- [Data excerpts]
=== Begin Enclosure ===

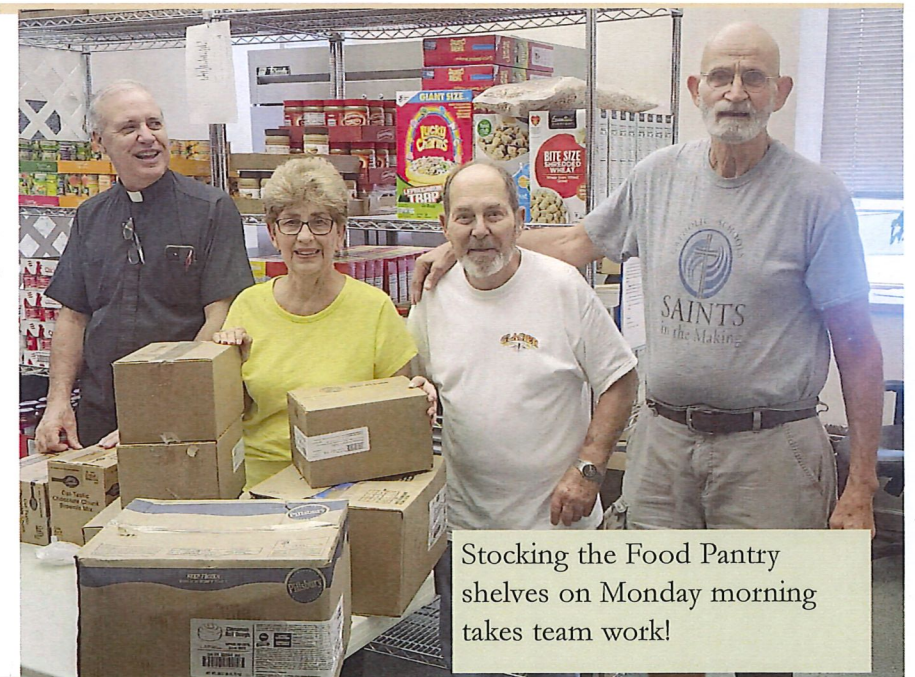
Stocking the Food Pantry shelves on Monday morning takes team work!

Items for the bulletin need to be turned in by 12:00 pm on Tuesdays Office Hours: Monday-Friday 8 am- 4 pm Food Pantry Hours: Mon, Tues, Wed, Thurs 9 am-Noon and 1-3 pm
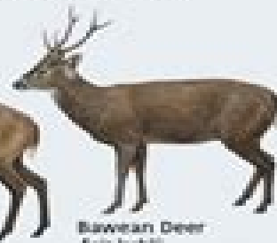
Bawean Deer Axis kuhlii
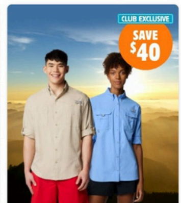
Columbia Men's & Women's PFG Long Sleeve Shirts REG $109.99, CLUB $69.99
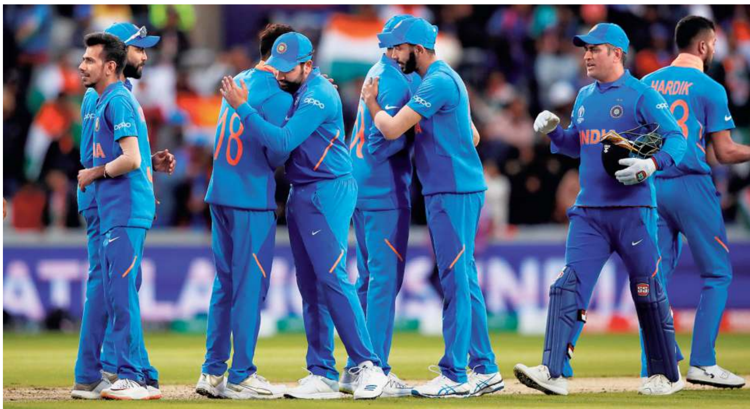
Camaraderie: The Indian team is gelling well and every player is playing a part in the team's victories.

India's triumph over Pakistan here at Old Trafford on Sunday blended the big moments with the small successes. Well-oiled teams get this symmetry right, the players are alive to the situation and every move advances the squad's fortunes. "I cannot single-handedly chase a 300-plus score. Others chip in, partnerships happen and inside the dressing room, we recognise those contributions," Virat Kohli recently said.
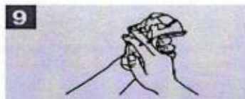
Dry hands thoroughly with a single use towel;
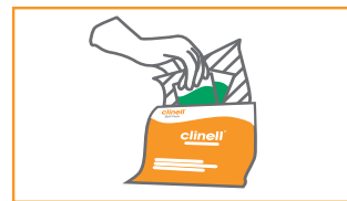
3. Remove the wipes.
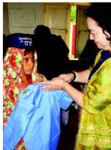
Distribution of Uniform in Flood Affected Area

UNESCO has conducted various school safety workshops in Balochistan, Sindh, Pakistan Administered Kashmir, Khyber Pakhtunkhwa and FATA, which has resulted in the development of a school safety action plan (a policy document), and interdepartmental provincial mechanisms. It also

=== End Enclosure ===

- [Task instructions]
The entries must be written out again unchanged. Images are to be left out.

- [Exercise output]
Stocking the Food Pantry shelves on Monday morning takes team work!

Items for the bulletin need to be turned in by 12:00 pm on Tuesdays Office Hours: Monday-Friday 8 am- 4 pm Food Pantry Hours: Mon, Tues, Wed, Thurs 9 am-Noon and 1-3 pm
Bawean Deer Axis kuhlii
Columbia Men's & Women's PFG Long Sleeve Shirts REG $109.99, CLUB $69.99
Camaraderie: The Indian team is gelling well and every player is playing a part in the team's victories.

India's triumph over Pakistan here at Old Trafford on Sunday blended the big moments with the small successes. Well-oiled teams get this symmetry right, the players are alive to the situation and every move advances the squad's fortunes. "I cannot single-handedly chase a 300-plus score. Others chip in, partnerships happen and inside the dressing room, we recognise those contributions," Virat Kohli recently said.
Dry hands thoroughly with a single use towel;
3. Remove the wipes.
Distribution of Uniform in Flood Affected Area

UNESCO has conducted various school safety workshops in Balochistan, Sindh, Pakistan Administered Kashmir, Khyber Pakhtunkhwa and FATA, which has resulted in the development of a school safety action plan (a policy document), and interdepartmental provincial mechanisms. It also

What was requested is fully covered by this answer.